▶ WHAT YOU WILL DO
Word for word, restate the data that follows, omitting the images.

▶ DATA SUPPLIED
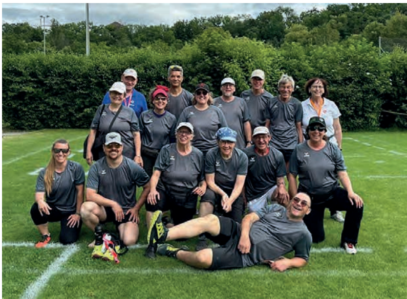
Le Groupe ACNG en pause.
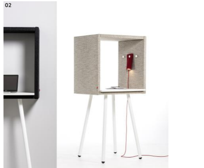
02 Beschreibung Beschreibung
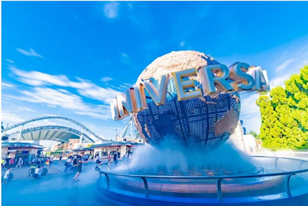
Hình 2. Biểu tượng Công viên giải trí Universal Studio Japan
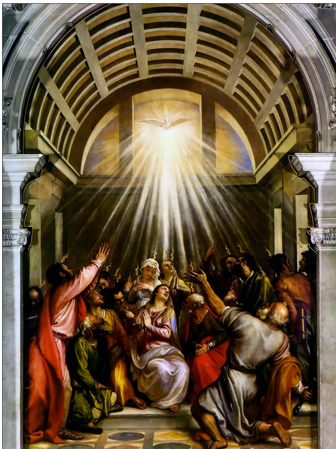
Tiziano Vecellio di Gregorio (kolem 1488/1490–1576): Sesláni Ducha Svatého
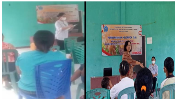
Gambar 3. Kegiatan Pelatihan pada Kelompok Tani Moko Desa Ondorea Barat

Berikut ini adalah beberapa dokumentasi kegiatan pelatihan seperti tampak pada Gambar 3 berikut.
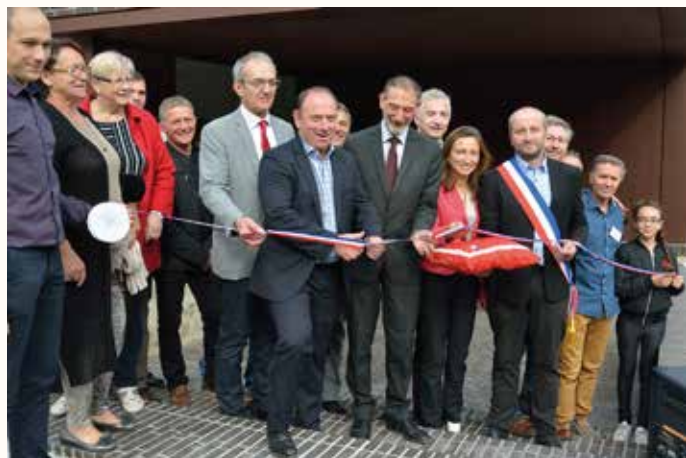
Le sénateur Laurent Duplomb à la manoeuvre !

La nouvelle école municipale a été inaugurée le samedi 21 octobre 2017 en présence de nombreuses personnalités politiques et académiques, qui ont salué l'effort de la municipalité pour adapter son infrastructure scolaire au monde d'aujourd'hui. A cette occasion, après la visite de l'école, les enfants ont donné un spectacle chorégraphique très apprécié sur le parvis de l'église.
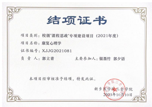
图 11 结项证书展示
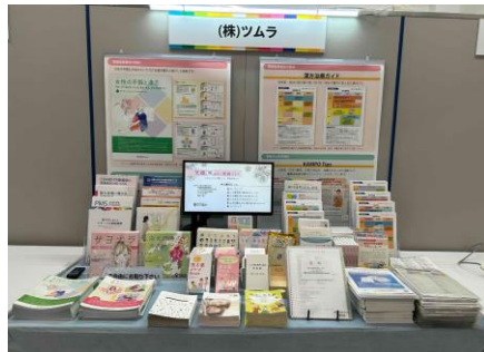
2023年日本女性医学学会学術集会企業展示の風景

【個人情報について】ご記入いただきました個人情報は、株式会社ツムラ医薬品等の情報提供活動のために利用させていただきます。不都合のある場合にはご遠慮なくお申し出ください。なお、個人情報につきましては、安全管理のために必要な措置を講じ、適切に保管・管理を行います。
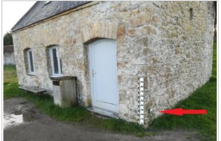
Petit bâtiment près de la chapelle Saint-Philibert

GÉOLOCALISATION Coordonnées WGS84 : X: -2.99793290 / Y: 47.58498940 Coordonnées RGF93 (Lambert 93) X: 249607.46 / Y: 6737626.43 Coordonnées RGF93 (ETRS89) : X: -2.9979329 / Y: 47.5849894 Code Hydro: Q0000630 Rive de référence:
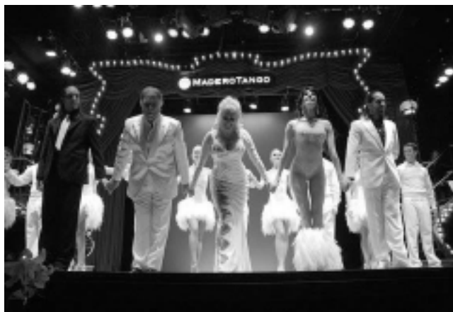
Los artistas en «Madero Tango», uno de los lugares top de la noche porteña.
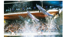
イルカのジャンプ

三浦半島の西南端にある海のレジャーランド。相模湾に生息する魚や大型のサメを常設する水族館「魚の国」、三浦半島の自然が詰まった「みうら自然館」、人気者のコツメカワウソをはじめ、希少な生き物たちが暮らす水辺や洞窟を再現した「かわうその森」など、エリアごとにさまざまな生き物や珍しい展示を見ることができます。屋内大海洋劇場「ファンタジウム」では、音響設備や照明を駆使したミュージカル仕立てのいるか・あしかパフォーマンスを毎日公演。水辺の生き物とのふれあいなどが体験できる「すいぞくかん学園」も人気で（有料・予約制）、ペットも入園できる水族館です（要手続）。また、2019年11月1日にオープンしたドッグランには愛犬と一緒に楽しめる遊具のほか、相模湾を望む丘などを配置して、公園としても楽しむことができます（ペット有料・要手続）。
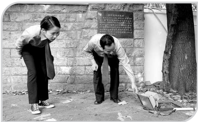
安徽芜湖镜湖:检察官在“回头看”时发现“步文亭”照明设施损坏
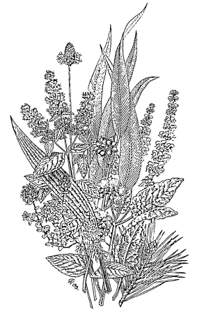
Heilpflanzen im WALA-Garten
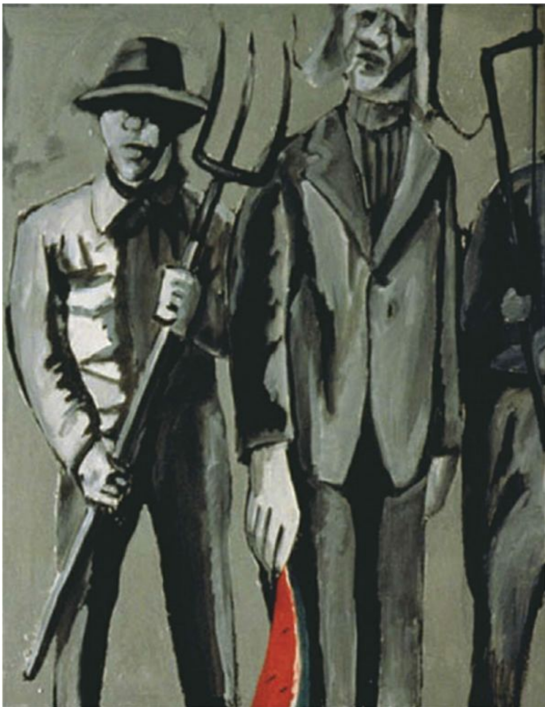
Из цикла «Пердо». 1987. Оргалит, темпера. Предоставлено XL Галереей, Москва
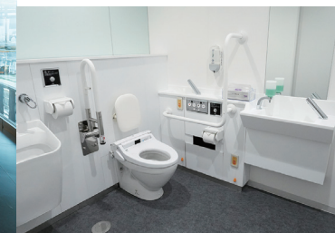
07 バリアフリートイレ
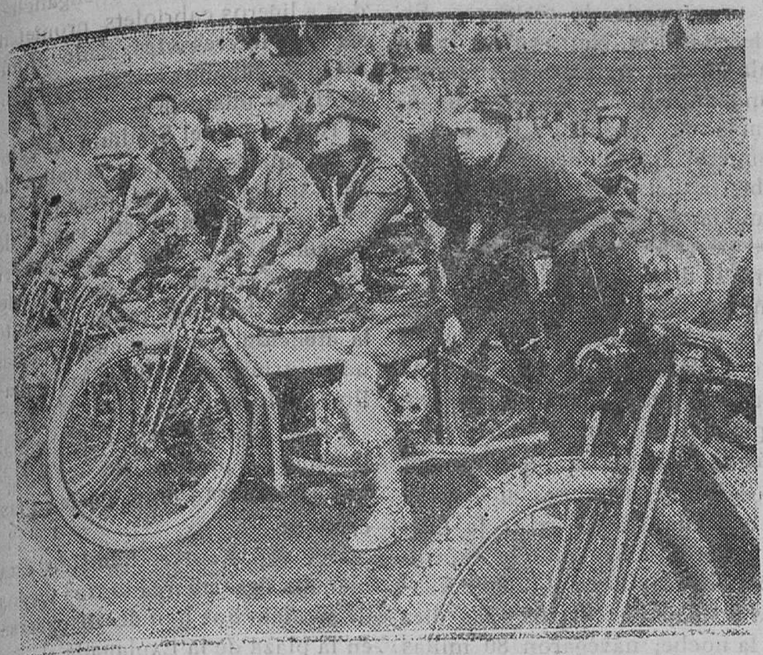
BARCELONA.—Inauguración de las carreras de Dirt-Track
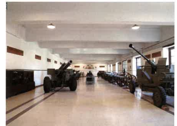
Sala de Materiales

Destaca su colección de minerales, rocas y fósiles
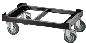
81200158 Trolley per Cassetiera Convertibile

▶ ANSWER SECTION
Le Groupe ACNG en pause.
02 Beschreibung Beschreibung
Hình 2. Biểu tượng Công viên giải trí Universal Studio Japan
Tiziano Vecellio di Gregorio (kolem 1488/1490–1576): Sesláni Ducha Svatého
Gambar 3. Kegiatan Pelatihan pada Kelompok Tani Moko Desa Ondorea Barat

Berikut ini adalah beberapa dokumentasi kegiatan pelatihan seperti tampak pada Gambar 3 berikut.
Le sénateur Laurent Duplomb à la manoeuvre !

La nouvelle école municipale a été inaugurée le samedi 21 octobre 2017 en présence de nombreuses personnalités politiques et académiques, qui ont salué l'effort de la municipalité pour adapter son infrastructure scolaire au monde d'aujourd'hui. A cette occasion, après la visite de l'école, les enfants ont donné un spectacle chorégraphique très apprécié sur le parvis de l'église.
图 11 结项证书展示
2023年日本女性医学学会学術集会企業展示の風景

【個人情報について】ご記入いただきました個人情報は、株式会社ツムラ医薬品等の情報提供活動のために利用させていただきます。不都合のある場合にはご遠慮なくお申し出ください。なお、個人情報につきましては、安全管理のために必要な措置を講じ、適切に保管・管理を行います。
Petit bâtiment près de la chapelle Saint-Philibert

GÉOLOCALISATION Coordonnées WGS84 : X: -2.99793290 / Y: 47.58498940 Coordonnées RGF93 (Lambert 93) X: 249607.46 / Y: 6737626.43 Coordonnées RGF93 (ETRS89) : X: -2.9979329 / Y: 47.5849894 Code Hydro: Q0000630 Rive de référence:
Los artistas en «Madero Tango», uno de los lugares top de la noche porteña.
イルカのジャンプ

三浦半島の西南端にある海のレジャーランド。相模湾に生息する魚や大型のサメを常設する水族館「魚の国」、三浦半島の自然が詰まった「みうら自然館」、人気者のコツメカワウソをはじめ、希少な生き物たちが暮らす水辺や洞窟を再現した「かわうその森」など、エリアごとにさまざまな生き物や珍しい展示を見ることができます。屋内大海洋劇場「ファンタジウム」では、音響設備や照明を駆使したミュージカル仕立てのいるか・あしかパフォーマンスを毎日公演。水辺の生き物とのふれあいなどが体験できる「すいぞくかん学園」も人気で（有料・予約制）、ペットも入園できる水族館です（要手続）。また、2019年11月1日にオープンしたドッグランには愛犬と一緒に楽しめる遊具のほか、相模湾を望む丘などを配置して、公園としても楽しむことができます（ペット有料・要手続）。
安徽芜湖镜湖:检察官在“回头看”时发现“步文亭”照明设施损坏
Heilpflanzen im WALA-Garten
Из цикла «Пердо». 1987. Оргалит, темпера. Предоставлено XL Галереей, Москва
07 バリアフリートイレ
BARCELONA.—Inauguración de las carreras de Dirt-Track
Sala de Materiales

Destaca su colección de minerales, rocas y fósiles
81200158 Trolley per Cassetiera Convertibile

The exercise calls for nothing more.